Moscow pledges 'full protection' to any areas annexed by Russia
"The lack of military trainers, and the haste with which Russia has started the mobilisation, suggests that many of the drafted troops will deploy to the front line with minimal relevant preparation," it said.
Images circulating on the internet have shown clashes between crowds and police, particularly in areas where ethnic minorities predominate, such as mainly Muslim Dagestan in the south and Buryatia, home to Mongol Buddhists, in Siberia.
Nuclear threat
Putin accompanied last week's announcement of the annexation referendums and the mobilisation with a barely veiled threat to use nuclear weapons to defend Russia's new territorial claims.
That threat was repeated and made more explicit over the weekend by Russian Foreign Minister Sergei Lavrov, in New York for the U.N. General Assembly, where he said Russia would defend any territory it annexes using any weapons in its arsenal.
U.S. National Security Adviser Jake Sullivan said on Sunday the United States would respond "decisively" to any Russian use of nuclear weapons, without elaborating. He said Washington had privately told Moscow "exactly what that would mean".
Asked about Sullivan's comments, Kremlin spokesman Peskov said: "There are channels for dialogue at the proper level, but they are of a very sporadic nature.
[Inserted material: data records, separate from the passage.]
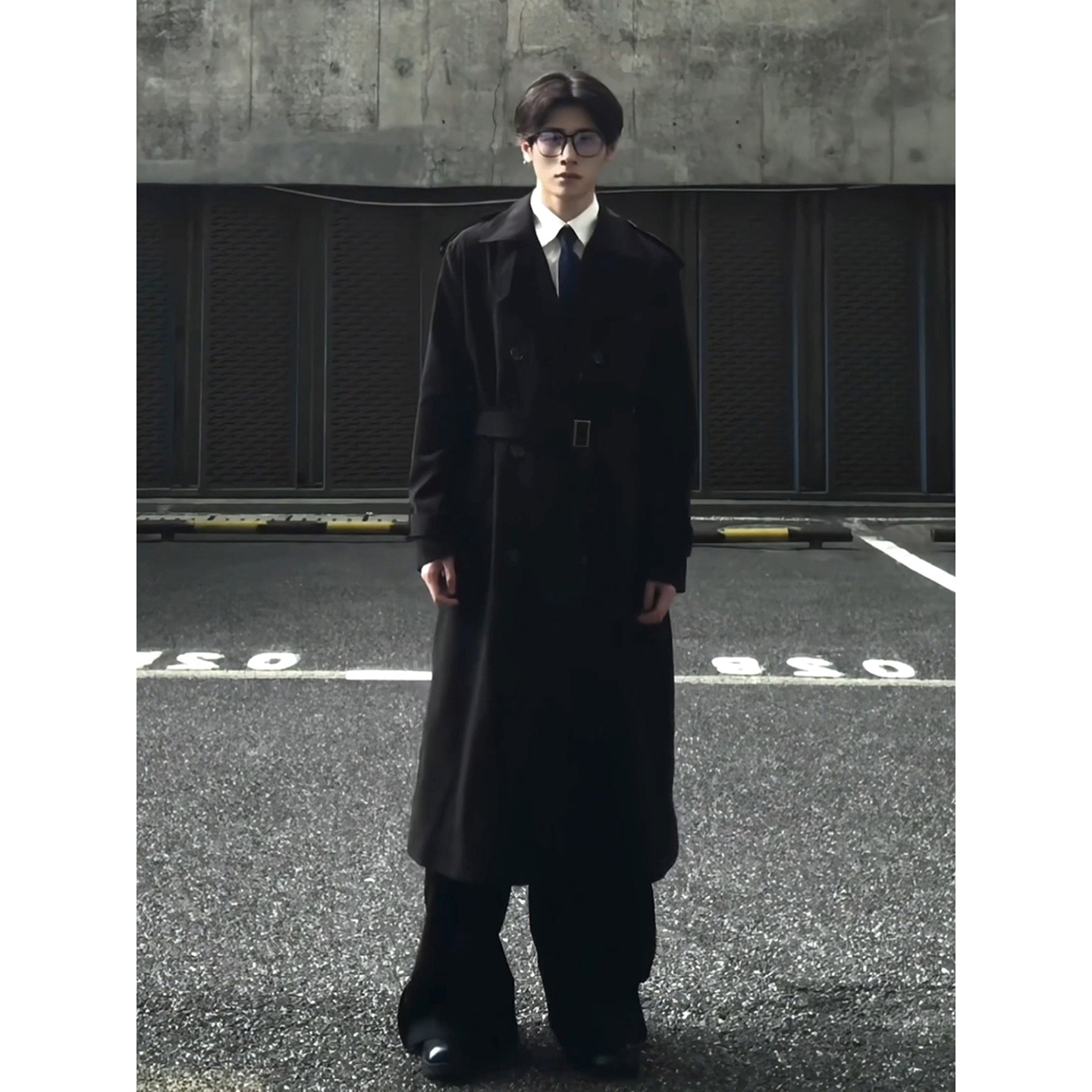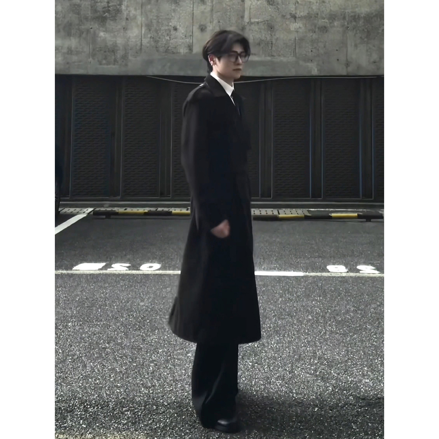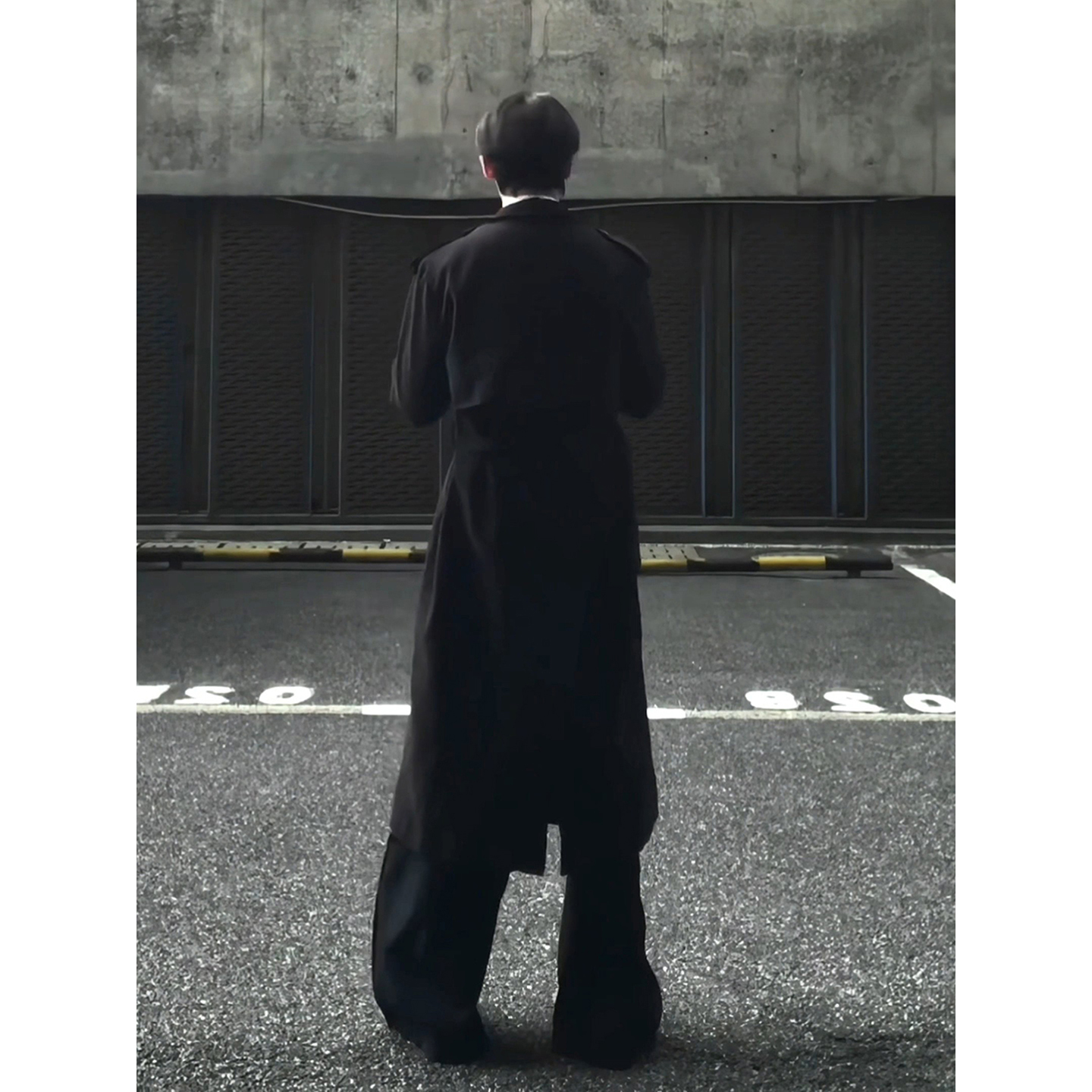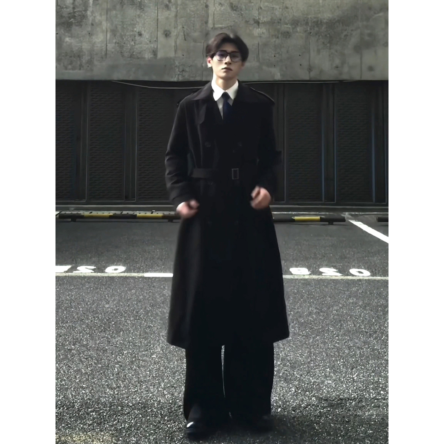 过膝无羊绒呢子风衣外套韩版 毛呢大衣男中长款 宽松落肩 新款 秋冬季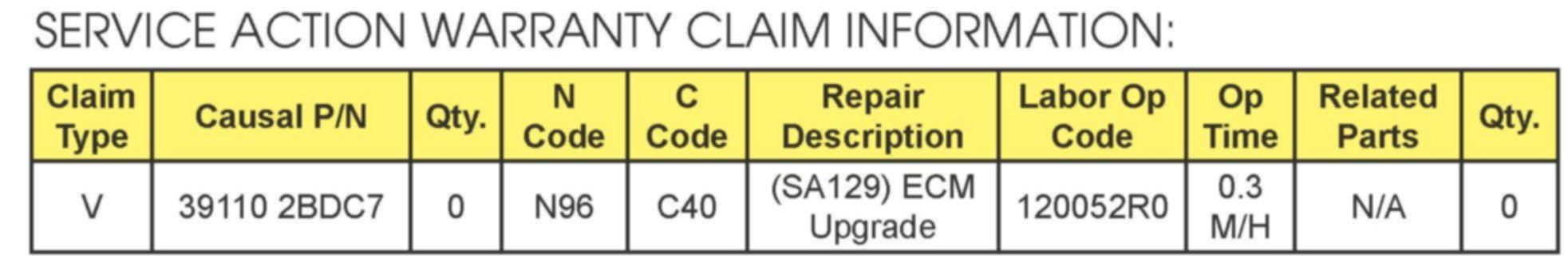 SERVICE ACTION: ECM UPGRADE - RIO ISG LOGIC IMPROVEMENT (SA129)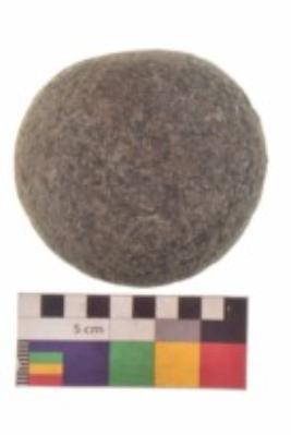 | Description / विवरण | Specimen of a round hammerstone with smooth texture. It has dark brown in colour. |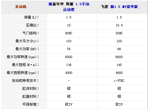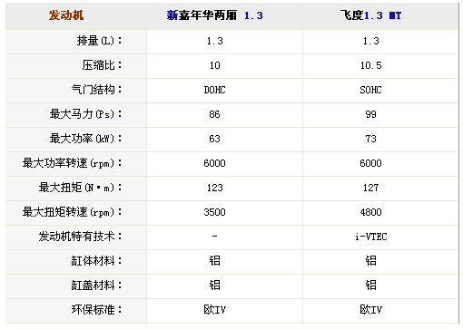 前面已經說過,新嘉年華和飛度都是1.3和1.5兩個排量,如果只看發動機參數的話,那飛度顯然要強出太多了。先來看1.3排量,飛度多出13馬力和4N·m。1.5升發動機則差得更多,飛度比新嘉年華高出17馬力和7N·m。盡管參數上不具備優勢,但是新嘉年華針對城市游弋的特征要更加明顯,最大扭矩到來的比飛度要早很多,尤其是1.3升車型,兩者最大扭矩輸出轉速相差了1300轉之多。

At least they allow for the exchange of some emergency messages about each other's positions."
The annexation votes are being held in Kherson and Zaporizhzhia provinces in Ukraine's south and Luhansk and Donetsk provinces in the east, around 15% percent of Ukraine's area, equivalent to the size of Portugal.
None of those provinces is now fully under Moscow's control and fighting has been underway along the entire front line, with Ukrainian forces reporting more advances since they routed Russian troops in a fifth province, Kharkiv, earlier this month.
The exiled mayor of Russian-controlled Melitopol in the Zaporizhzhia region accused Russia of forcibly enlisting Ukrainian men in occupied areas into its armed forces.
"Today the situation is critical: our residents are scared, our residents are panicking, they don’t know what will happen tomorrow and when they will actually take our people away for enlisting," Mayor Ivan Fedorov said.
He denounced the referendum as "a fake and a farce".
"The voting takes place in front of assault rifles, men with weapons... People are grabbed right on the street and are forced to vote not only for themselves but for their whole families," he said via videolink from an undisclosed location.
The Ukrainian governor of Luhansk said Russian-backed officials were carrying ballot boxes from door to door, accompanied by security officials. Residents' names were taken down if they failed to vote as demanded, Serhiy Gaidai said.
Even traditional Russian allies such as Serbia and Kazakhstan have said they will not recognise the annexation votes. Moscow says voting is voluntary and turnout is high. When it held a referendum in Crimea after seizing that peninsula in 2014, it declared 97% of people had voted for annexation.
President Volodymyr Zelenskiy met his security chiefs on Monday to plan ways to counteract Russia's use of "new types of weapons" after Moscow stepped up attacks in the Odesa region using Iranian combat drones.
Russia carried out at least five attacks on targets in the region using Shahed-136 drones in the last few days, Serhiy Bratchuk, spokesperson for Odesa's regional administration, told a news briefing. One of the attacks hit an undisclosed military target in the southern region in the early hours of Monday, he said.